Castles are always better built on rock than sand, and given that the GroupWise Mobility Service uses PostgreSQL, for example, I figured it would be best to discuss how to build a rock solid PostgreSQL platform, rather than focusing on interesting application features.

We’ll cover installing and configuring PostgreSQL, a brief guide to performance tuning and backing up your data.

Installing PostgreSQL

SUSE Linux Enterprise Server 12 comes with PostgreSQL 9.3 already packaged and available in the SLE 12 repositories. You can install PostgreSQL as follows:

sle12:~ # zypper in postgresql93 postgresql-93-server postgresql93-contrib

Once we have installed the PostgreSQL packages, start PostgreSQL, this will initialise the database cluster and generate the default configuration files:

sle12:~ # systemctl start postgresql
sle12:~ # systemctl enable postgresql

You’ll now be able to connect to the local PostgreSQL server from the postgres system account. The psql program is the PostgreSQL client:

sle12:~ # su postgres
postgres@sle12:~> psql
psql (9.3.9)
Type “help” for help.

postgres=#

Now to set a password for the postgres super user, use the \password command, as follows:

postgres=# \password
Enter new password:
Enter it again:

You can quit the psql client using the \q command:

postgres=# \q

Configuring PostgreSQL

To end up with a well configured PostgreSQL server, there are a few key configuration settings that we should change. The PostgreSQL configuration file can be found at /var/lib/pgsql/data/postgresql.conf.

Firstly we probably want to configure network access to PostgreSQL by changing the following:

listen_addresses = ‘*’
port = 5432
max_connections = 100

We’ll also want to increase the amount of information which is stored in the WAL logs. This is to allow us to use replication and backup tools. It’s recommended to set this up from the start to avoid having to reconfigure your server in the future.

wal_level = hot_standby
full_page_writes = on
max_wal_senders = 10
wal_keep_segments = 1000
hot_standby = on
hot_standby_feedback = on

It is also suggested to configure logging. I tend to favour rather verbose logging, primarily as the information is invaluable when trying to track down problems: people cannot argue against data. However on a busy server this will use a fair amount of disk space.
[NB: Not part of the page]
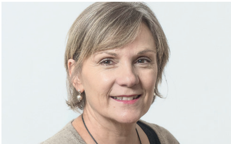
Monika Hänggi Hofer.

W elche Dinge möchten Sie unbedingt noch erledigen, bevor Sie sterben? Möchten Sie allein sterben oder im Kreis Ihnen nahestehender Personen? Wem möchten Sie vor Ihrem Tod noch Lebewohl sagen? Glauben Sie an das Jenseits? Empört Sie der Gedanke, endlich zu sein? Diese und viele andere Fragen werden in den Letzte-Hilfe-Kursen, die in vielen Kirchgemeinden mit Erfolg durchgeführt wurden, thematisiert und diskutiert. Die Kurse vermitteln, wie Angehörige, Freunde und Nachbarn nahestehende Menschen, die im Sterben liegen, begleiten und betreuen können. Ein Mix aus praktischen Hilfestellungen und Fragen über den «Sinn des Todes» und über eigene Sterbeerfahrungen macht den Teilnehmenden Mut, sich dem Thema zu stellen und die Begleitung der Nächsten im Angesicht des Todes nicht einfach Fachleuten aus dem Gesundheitsbereich zu überlassen.

log_destination = ‘stderr’
logging_collector = on
log_directory = ‘pg_log’
log_filename = ‘postgresql-%Y-%m-%d_%H%M%S.log’
log_file_mode = 0600
log_truncate_on_rotation = off
log_rotation_age = 1d
log_rotation_size = 1GB
client_min_messages = notice
log_min_messages = warning
log_min_error_statement = error
log_min_duration_statement = 0
log_checkpoints = on
log_line_prefix = ‘%t [%p]: [%l-1] user=%u,db=%d ‘
log_temp_files = 0
log_lock_waits = on
log_duration = on
log_connections = on
log_disconnections = on
log_timezone = UTC
log_statement = ‘all’

Once you’ve made these changes to `/var/lib/pgsql/data/postgresql.conf` make sure you restart PostgreSQL using:

sle12:~ # systemctl restart postgresql

PostgreSQL Access Controls

A separate configuration file is used to configure host based access. The /var/lib/pgsql/data/pg_hba.conf file configures which hosts are permitted to connect to PostgreSQL and how the users must authenticate.

If we want to permit remote hosts to login, using MD5 encrypted password auth, we would add the following entry:

host all all 10.1.1.0/24 md5

This will require all clients from the `10.1.1.0/24` network to provide a password which is hashed using MD5. If `md5` was changed to `trust` no password would need to be given.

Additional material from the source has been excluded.